This is a model built for predicting concrete compressive strength - an important material in civil engineering.
The concrete compressive strength is a highly nonlinear function of age and ingredients.
These ingredients includes:
NB: The actual concrete compressive strength (MPa) for a given mixture under a specific age (days) was determined from laboratory. The data can be downloaded here: UCI
Load the requied packages for building the model:
library(tidyverse)
library(readxl)
library(caret)
library(GGally)
library(rattle)
library(modelr)
library(partykit)
library(e1071)
Get the data into R:
concrete <- read_excel("Concrete_Data.xls")
Rename the variables:
names(concrete) <- c("cement", "blast_furnace",
"fly_ash", "water",
"superplasticizer",
"coarse_aggregate",
"fine_aggregate",
"age",
"concrete_strength")
Compute the skewness across the columns - If the predictor distribution is roughly symmetric, the skewness values will be close to zero
skewValues <- map_dbl(concrete, skewness)
skewValues
## cement blast_furnace fly_ash water
## 0.50803436 0.79840662 0.53588075 0.07410764
## superplasticizer coarse_aggregate fine_aggregate age
## 0.90546945 -0.04008937 -0.25224294 3.25966169
## concrete_strength
## 0.41570873
The skewed variables have some values containing zero which makes it impossible to apply the BoxCox transformation
ggplot(concrete, aes(concrete_strength)) +
geom_histogram()
ggplot(concrete, aes(x = concrete_strength, y = cement)) +
geom_point()
ggplot(concrete, aes(x = concrete_strength, y = coarse_aggregate)) +
geom_point()
Seperate out the outcome from the predictors:
concrete_strength <- concrete$concrete_strength
concrete <- select(concrete, -concrete_strength)

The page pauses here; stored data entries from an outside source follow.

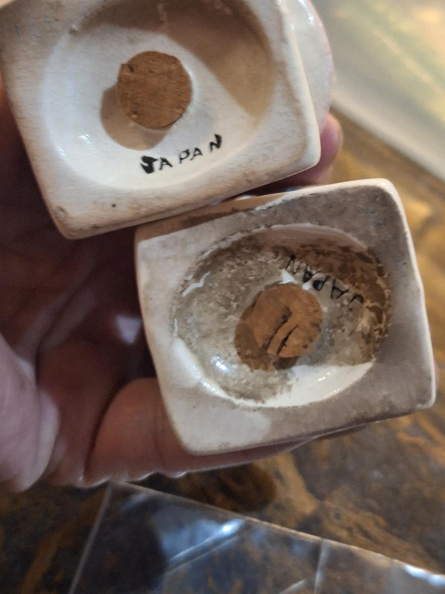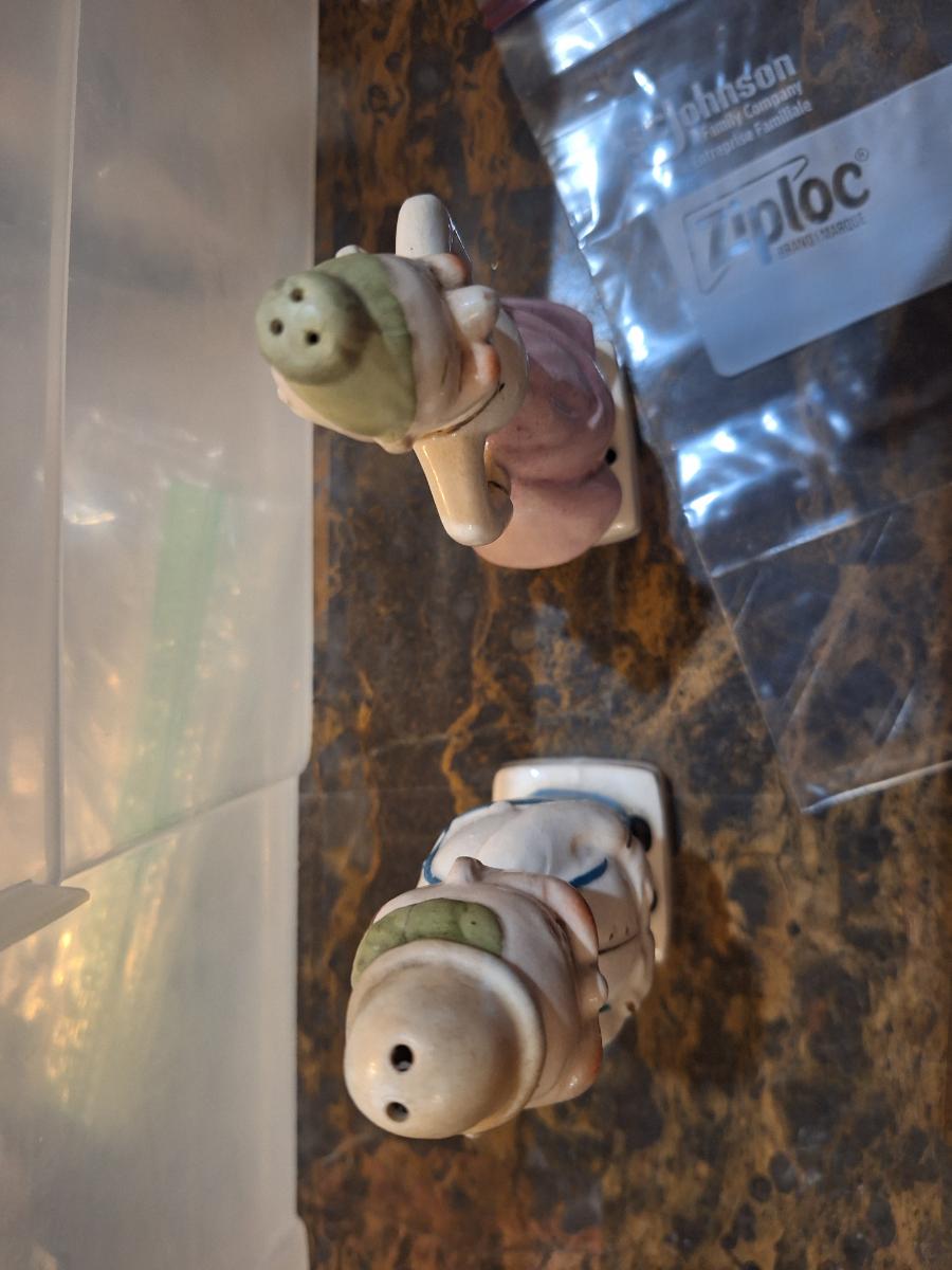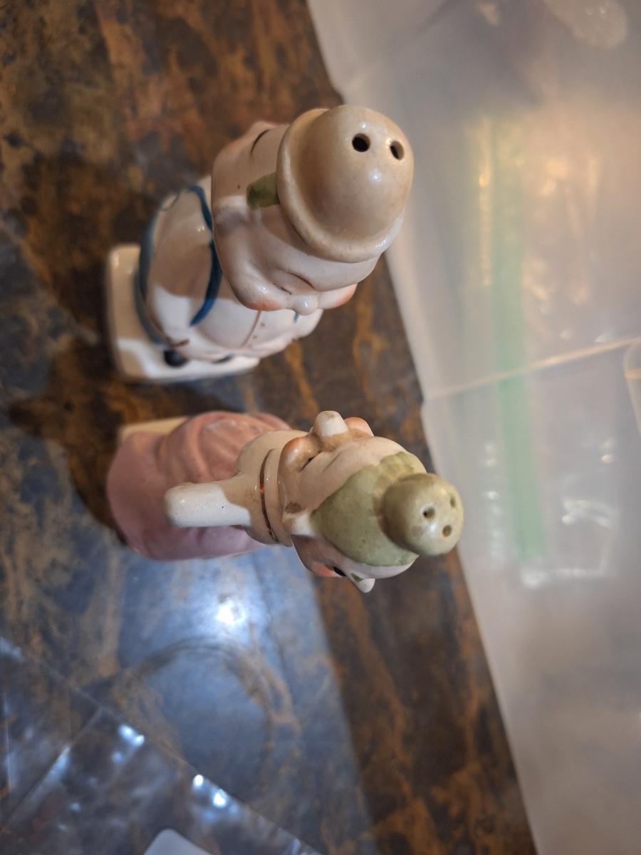 intage ceramic "Turnabout" salt and pepper shakers, likely made in Japan in the 1940s or 1950s.
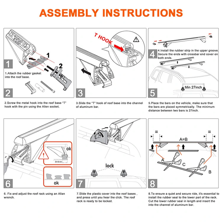 Ове попречне шипке кровног носача су једноставне за инсталацију: шестоугаони кључ је укључен за 10-минутно подешавање; приручник са илустрацијама корак по корак.
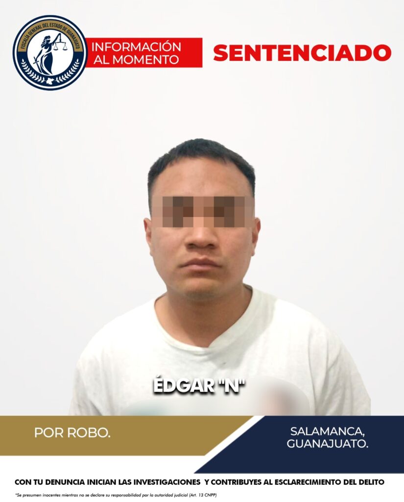 La Fiscalía General del Estado de Guanajuato logró una sentencia condenatoria en procedimiento abreviado contra ÉDGAR “N”, tras acreditar su responsabilidad en el delito de robo calificado en la ciudad de Salamanca.
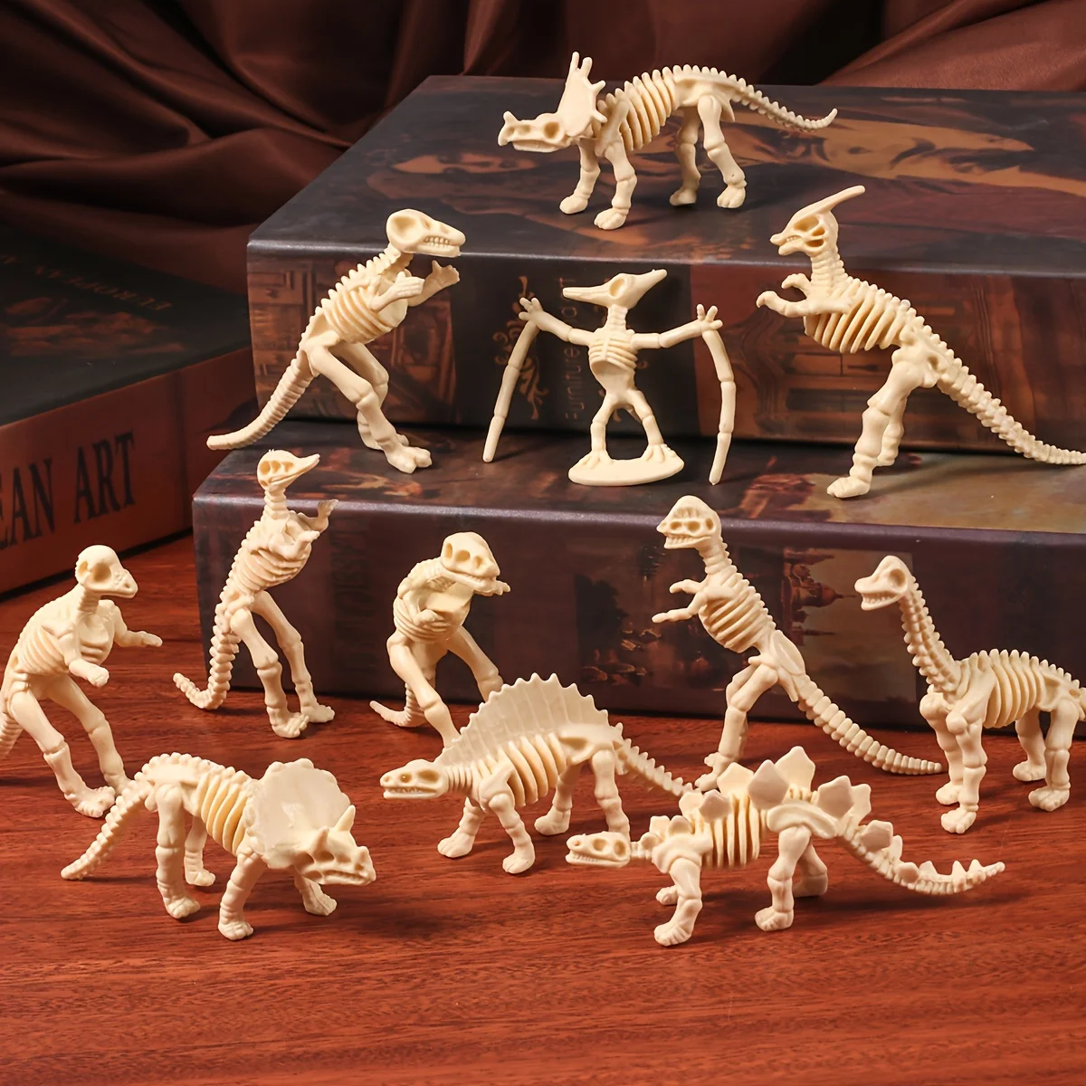 Esqueleto fósil de dinosaurio, huesos de figura de dinosaurio de plástico surtidos para niños, kit de excavación científica, recuerdos de fiesta, decoraciones de cumpleaños

Partition the data into a training and a test set
idx <- createDataPartition(concrete_strength, p = 2/3, list = FALSE)
train_set <- concrete[idx, ]
train_outcome <- concrete_strength[idx]
test_set <- concrete[-idx, ]
test_outcome <- concrete_strength[-idx]
Fit a single linear model and conduct 10-fold cross-validation to estimate the error:
ctrl <- trainControl(method = "cv")
set.seed(3)
lm_tune <- train(x = train_set, y = train_outcome,
method = "lm",
trControl = ctrl)
lm_tune
## Linear Regression
##
## 688 samples
## 8 predictor
##
## No pre-processing
## Resampling: Cross-Validated (10 fold)
## Summary of sample sizes: 620, 618, 620, 619, 619, 620, ...
## Resampling results:
##
## RMSE Rsquared
## 10.38347 0.6162678
##
##
predict the test set data and save the testset result in a data frame:
test_result <- data.frame(observations = test_outcome, lm_predictions = predict(lm_tune, test_set))

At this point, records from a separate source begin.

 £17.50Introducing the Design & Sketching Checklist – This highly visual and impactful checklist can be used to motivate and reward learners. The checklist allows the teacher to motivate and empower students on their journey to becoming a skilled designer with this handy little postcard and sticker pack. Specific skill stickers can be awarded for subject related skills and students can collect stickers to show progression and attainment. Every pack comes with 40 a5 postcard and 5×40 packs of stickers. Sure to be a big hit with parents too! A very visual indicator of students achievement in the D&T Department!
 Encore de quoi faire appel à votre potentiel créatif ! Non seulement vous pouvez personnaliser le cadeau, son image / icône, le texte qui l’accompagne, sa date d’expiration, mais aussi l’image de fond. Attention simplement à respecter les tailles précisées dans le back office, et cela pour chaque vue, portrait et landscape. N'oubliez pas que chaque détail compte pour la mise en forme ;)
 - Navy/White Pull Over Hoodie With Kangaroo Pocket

Tune the regression tree using “rpart”
set.seed(3)
tree_tune <- train(x = train_set, y = train_outcome,
method = "rpart",
trControl = ctrl,
tuneLength = 5)
plot(tree_tune)
test_result$tree_predictions <- predict(tree_tune, test_set)
Plot the regression tree:
fancyRpartPlot(tree_tune$finalModel)
Fit the multi-addaptive regression model:
set.seed(3)
mars_tune <- train(x = train_set, y = train_outcome,
method = "earth",
trControl = ctrl,
tuneLength = 20)
plot(mars_tune)
test_result$mars_predictions <- predict(mars_tune, test_set)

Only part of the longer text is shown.